**How to complete this task:**
Can you restate the records below word for word?

Recorded data
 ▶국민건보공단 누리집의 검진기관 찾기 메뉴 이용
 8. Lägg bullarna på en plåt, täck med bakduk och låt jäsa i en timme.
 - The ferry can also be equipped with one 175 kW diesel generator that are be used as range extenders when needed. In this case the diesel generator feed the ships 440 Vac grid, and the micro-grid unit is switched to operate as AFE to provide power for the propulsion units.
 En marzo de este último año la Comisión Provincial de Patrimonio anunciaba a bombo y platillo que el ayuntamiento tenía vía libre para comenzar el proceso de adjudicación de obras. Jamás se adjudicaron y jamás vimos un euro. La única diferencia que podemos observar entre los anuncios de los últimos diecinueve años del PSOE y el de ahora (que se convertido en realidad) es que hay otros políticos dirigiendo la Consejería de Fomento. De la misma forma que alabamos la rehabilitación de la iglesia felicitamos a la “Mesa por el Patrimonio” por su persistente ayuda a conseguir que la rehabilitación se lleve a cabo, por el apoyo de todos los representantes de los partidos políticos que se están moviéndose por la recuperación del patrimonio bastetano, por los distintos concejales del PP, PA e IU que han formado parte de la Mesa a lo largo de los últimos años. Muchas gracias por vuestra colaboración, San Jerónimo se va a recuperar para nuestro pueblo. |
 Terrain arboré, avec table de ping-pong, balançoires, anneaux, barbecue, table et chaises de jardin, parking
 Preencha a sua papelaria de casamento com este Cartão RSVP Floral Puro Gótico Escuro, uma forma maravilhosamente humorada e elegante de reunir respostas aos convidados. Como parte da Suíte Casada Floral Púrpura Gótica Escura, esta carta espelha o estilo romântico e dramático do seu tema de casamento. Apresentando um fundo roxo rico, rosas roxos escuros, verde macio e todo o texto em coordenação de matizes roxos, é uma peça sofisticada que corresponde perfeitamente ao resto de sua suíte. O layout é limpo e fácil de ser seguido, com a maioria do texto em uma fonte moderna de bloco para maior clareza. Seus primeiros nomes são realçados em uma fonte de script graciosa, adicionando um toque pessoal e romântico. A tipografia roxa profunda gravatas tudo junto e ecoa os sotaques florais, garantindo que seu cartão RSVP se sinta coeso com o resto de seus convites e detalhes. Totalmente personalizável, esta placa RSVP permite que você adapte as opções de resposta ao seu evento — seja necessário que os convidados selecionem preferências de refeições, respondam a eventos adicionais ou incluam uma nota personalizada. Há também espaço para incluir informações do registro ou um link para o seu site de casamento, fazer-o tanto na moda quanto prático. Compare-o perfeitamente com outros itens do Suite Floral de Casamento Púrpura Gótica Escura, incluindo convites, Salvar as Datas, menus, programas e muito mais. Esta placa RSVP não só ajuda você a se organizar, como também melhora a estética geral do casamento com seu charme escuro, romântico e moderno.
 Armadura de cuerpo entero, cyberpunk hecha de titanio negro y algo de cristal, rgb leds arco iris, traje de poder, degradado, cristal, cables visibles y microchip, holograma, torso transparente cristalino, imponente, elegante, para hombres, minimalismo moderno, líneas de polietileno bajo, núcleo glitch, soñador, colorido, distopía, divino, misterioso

**Solved problem:**
 ▶국민건보공단 누리집의 검진기관 찾기 메뉴 이용
 8. Lägg bullarna på en plåt, täck med bakduk och låt jäsa i en timme.
 - The ferry can also be equipped with one 175 kW diesel generator that are be used as range extenders when needed. In this case the diesel generator feed the ships 440 Vac grid, and the micro-grid unit is switched to operate as AFE to provide power for the propulsion units.
 En marzo de este último año la Comisión Provincial de Patrimonio anunciaba a bombo y platillo que el ayuntamiento tenía vía libre para comenzar el proceso de adjudicación de obras. Jamás se adjudicaron y jamás vimos un euro. La única diferencia que podemos observar entre los anuncios de los últimos diecinueve años del PSOE y el de ahora (que se convertido en realidad) es que hay otros políticos dirigiendo la Consejería de Fomento. De la misma forma que alabamos la rehabilitación de la iglesia felicitamos a la “Mesa por el Patrimonio” por su persistente ayuda a conseguir que la rehabilitación se lleve a cabo, por el apoyo de todos los representantes de los partidos políticos que se están moviéndose por la recuperación del patrimonio bastetano, por los distintos concejales del PP, PA e IU que han formado parte de la Mesa a lo largo de los últimos años. Muchas gracias por vuestra colaboración, San Jerónimo se va a recuperar para nuestro pueblo. |
 Terrain arboré, avec table de ping-pong, balançoires, anneaux, barbecue, table et chaises de jardin, parking
 Preencha a sua papelaria de casamento com este Cartão RSVP Floral Puro Gótico Escuro, uma forma maravilhosamente humorada e elegante de reunir respostas aos convidados. Como parte da Suíte Casada Floral Púrpura Gótica Escura, esta carta espelha o estilo romântico e dramático do seu tema de casamento. Apresentando um fundo roxo rico, rosas roxos escuros, verde macio e todo o texto em coordenação de matizes roxos, é uma peça sofisticada que corresponde perfeitamente ao resto de sua suíte. O layout é limpo e fácil de ser seguido, com a maioria do texto em uma fonte moderna de bloco para maior clareza. Seus primeiros nomes são realçados em uma fonte de script graciosa, adicionando um toque pessoal e romântico. A tipografia roxa profunda gravatas tudo junto e ecoa os sotaques florais, garantindo que seu cartão RSVP se sinta coeso com o resto de seus convites e detalhes. Totalmente personalizável, esta placa RSVP permite que você adapte as opções de resposta ao seu evento — seja necessário que os convidados selecionem preferências de refeições, respondam a eventos adicionais ou incluam uma nota personalizada. Há também espaço para incluir informações do registro ou um link para o seu site de casamento, fazer-o tanto na moda quanto prático. Compare-o perfeitamente com outros itens do Suite Floral de Casamento Púrpura Gótica Escura, incluindo convites, Salvar as Datas, menus, programas e muito mais. Esta placa RSVP não só ajuda você a se organizar, como também melhora a estética geral do casamento com seu charme escuro, romântico e moderno.
 Armadura de cuerpo entero, cyberpunk hecha de titanio negro y algo de cristal, rgb leds arco iris, traje de poder, degradado, cristal, cables visibles y microchip, holograma, torso transparente cristalino, imponente, elegante, para hombres, minimalismo moderno, líneas de polietileno bajo, núcleo glitch, soñador, colorido, distopía, divino, misterioso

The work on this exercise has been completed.